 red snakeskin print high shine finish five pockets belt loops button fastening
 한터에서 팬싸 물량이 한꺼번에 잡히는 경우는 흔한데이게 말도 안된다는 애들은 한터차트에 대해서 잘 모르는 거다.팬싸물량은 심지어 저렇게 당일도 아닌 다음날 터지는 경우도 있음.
---
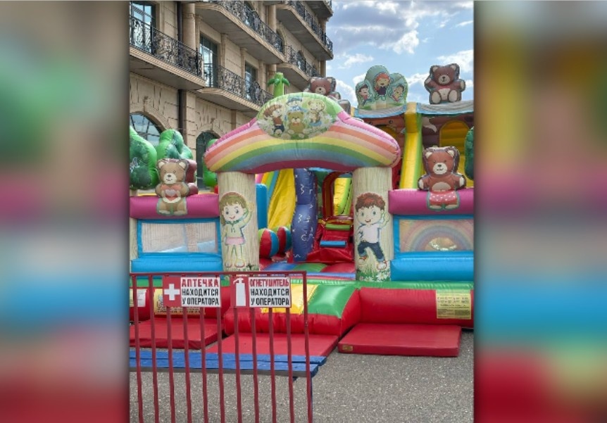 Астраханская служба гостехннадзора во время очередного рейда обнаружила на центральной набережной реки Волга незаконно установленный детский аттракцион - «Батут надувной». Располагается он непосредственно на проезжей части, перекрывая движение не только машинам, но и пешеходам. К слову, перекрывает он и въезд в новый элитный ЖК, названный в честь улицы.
--
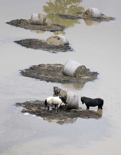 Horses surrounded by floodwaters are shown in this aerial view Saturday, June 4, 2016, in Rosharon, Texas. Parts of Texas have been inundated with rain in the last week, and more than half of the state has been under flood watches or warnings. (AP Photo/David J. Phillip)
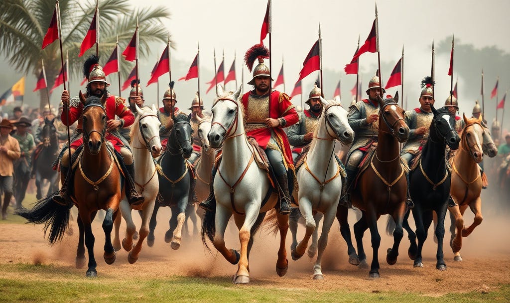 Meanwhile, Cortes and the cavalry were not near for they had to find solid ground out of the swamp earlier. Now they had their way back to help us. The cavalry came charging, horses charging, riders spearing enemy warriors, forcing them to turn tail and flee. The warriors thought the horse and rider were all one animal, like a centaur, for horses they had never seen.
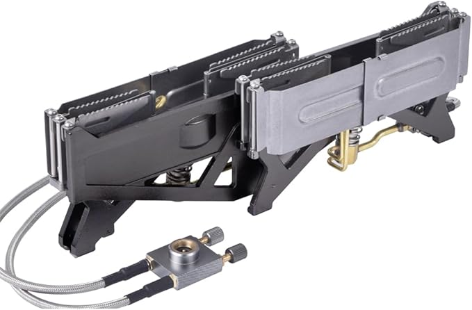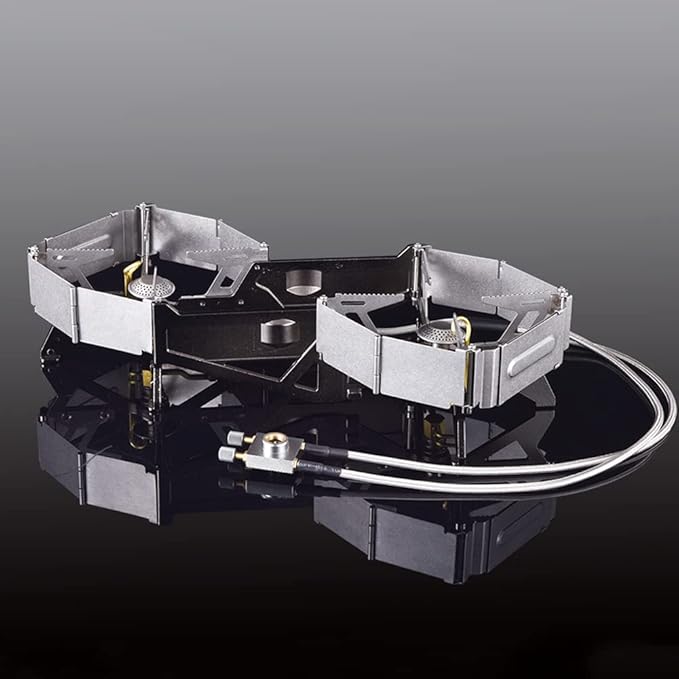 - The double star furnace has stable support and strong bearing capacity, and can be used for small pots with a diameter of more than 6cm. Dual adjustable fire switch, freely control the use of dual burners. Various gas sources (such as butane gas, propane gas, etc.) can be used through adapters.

→ ACTIVITY
Given the data above, transcribe exactly the lines from the one containing "red snakeskin print" down to the one containing "한터에서 팬싸 물량이", and no others.

→ TASK RESULT
 red snakeskin print high shine finish five pockets belt loops button fastening
 한터에서 팬싸 물량이 한꺼번에 잡히는 경우는 흔한데이게 말도 안된다는 애들은 한터차트에 대해서 잘 모르는 거다.팬싸물량은 심지어 저렇게 당일도 아닌 다음날 터지는 경우도 있음.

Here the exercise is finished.